- Origin: Liverpool, England
- Genres: Pop; jangle pop; new wave;
- Years active: 1981–1987, 2008
- Labels: Operation Twilight Les Disques du Crépuscule Virgin
- Spinoffs: Shack
- Past members: Mick Head Chris McCaffery Thomas Whelan Andy Diagram John Head Ken Moss

= The Pale Fountains =

English pop/new wave band

The Pale Fountains were an English band formed in Liverpool in 1980, and composed of Mick Head (vocalist/guitarist), Chris McCaffery (bassist), Thomas Whelan (drummer), trumpet player Andy Diagram (horns) and Ken Moss (guitarist). Diagram was simultaneously a member of Dislocation Dance for most of the Pale Fountains' existence.

==Career==
Inspired by 1960s music such as Love, Burt Bacharach and the Beatles, the group released their debut single "(There's Always) Something on My Mind" on Les Disques du Crépuscule before signing a major label deal in October 1982. Although the Pale Fountains failed to make much commercial headway, the band would earn critical praise for the two albums released on Virgin, Pacific Street (1984) and ...From Across the Kitchen Table (1985), produced by Ian Broudie, who later found fame with the Lightning Seeds. Their sole UK Singles Chart top 50 single was "Thank You", which reached No. 48 in 1982.

The band split up in 1987, with Mick Head going on to form Shack with his brother John. Andy Diagram had already left in 1984 and would later join James. Bassist and founder member Chris "Biffa" McCaffery died in 1989 of a brain tumour.

In November 2007, Head announced that he was reforming the Pale Fountains for two gigs; one at the Carling Academy in Liverpool on 2 February 2008, and another at the Shepherd's Bush Empire in London on 3 February 2008. The group remains particularly popular in France and Japan.
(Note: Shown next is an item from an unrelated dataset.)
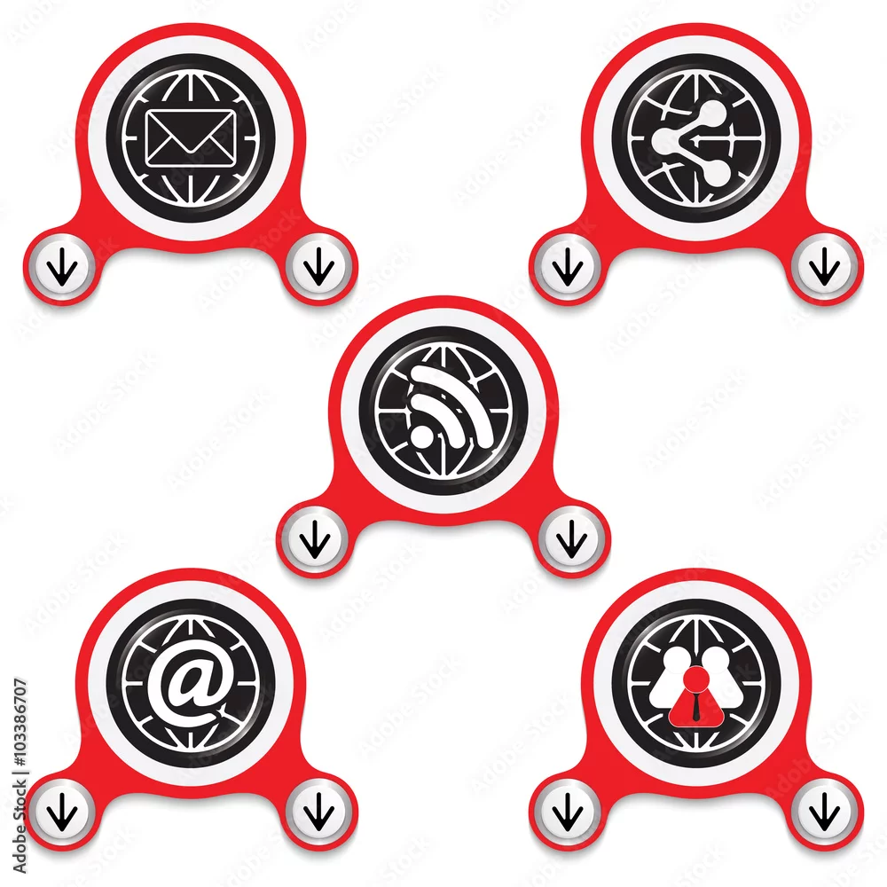 Red abstract icons and different symbols

Two compilations have been issued: Longshot for Your Love (Marina, 1998) and Something on My Mind (Crépuscule, 2013), the latter with a bonus live CD recorded in 1982.

==Members==
- Mick Head – vocals, guitar (1981–1987)
- Chris McCaffery – bass guitar (1981–1987; died 1989)
- Thomas Whelan – drums (1981–1987)
- Andy Diagram – trumpet (1982–1984)
- John Head – guitar (1984–1987)

==Discography==
===Albums===
====Studio albums====

| Title | Album details | Peak chart positions |
UK
| Pacific Street | Released: 27 February 1984; Label: Virgin; Formats: LP, MC; | 85 |
| ...From Across the Kitchen Table | Released: 4 February 1985; Label: Virgin; Formats: LP, MC; | 94 |

====Compilation albums====

| Title | Album details |
|---|---|
| Longshot for Your Love | Released: 15 May 1998; Label: Marina; Formats: CD, LP; Germany-only release; |
| Something on My Mind | Released: 9 December 2013; Label: Les Disques du Crépuscule; Formats: LP+CD, digital download; |

===Singles===

| Title | Year | Peak chart positions |  |  |
| UK | UK Indie | NL |
| "(There's Always) Something on My Mind" / "Just a Girl" | 1982 | — | 28 25 | — |
| "Thank You" | 48 | — | 48 |
| "Palm of My Hand" | 1983 | 102 | — | — |
| "Unless" | 1984 | 115 | — | — |
| "(Don't Let Your Love) Start a War" | 174 | — | — |
| "Jean's Not Happening" | — | — | — |
| "...From Across the Kitchen Table" | 1985 | — | — | — |
"—" denotes releases that did not chart or were not released in that territory.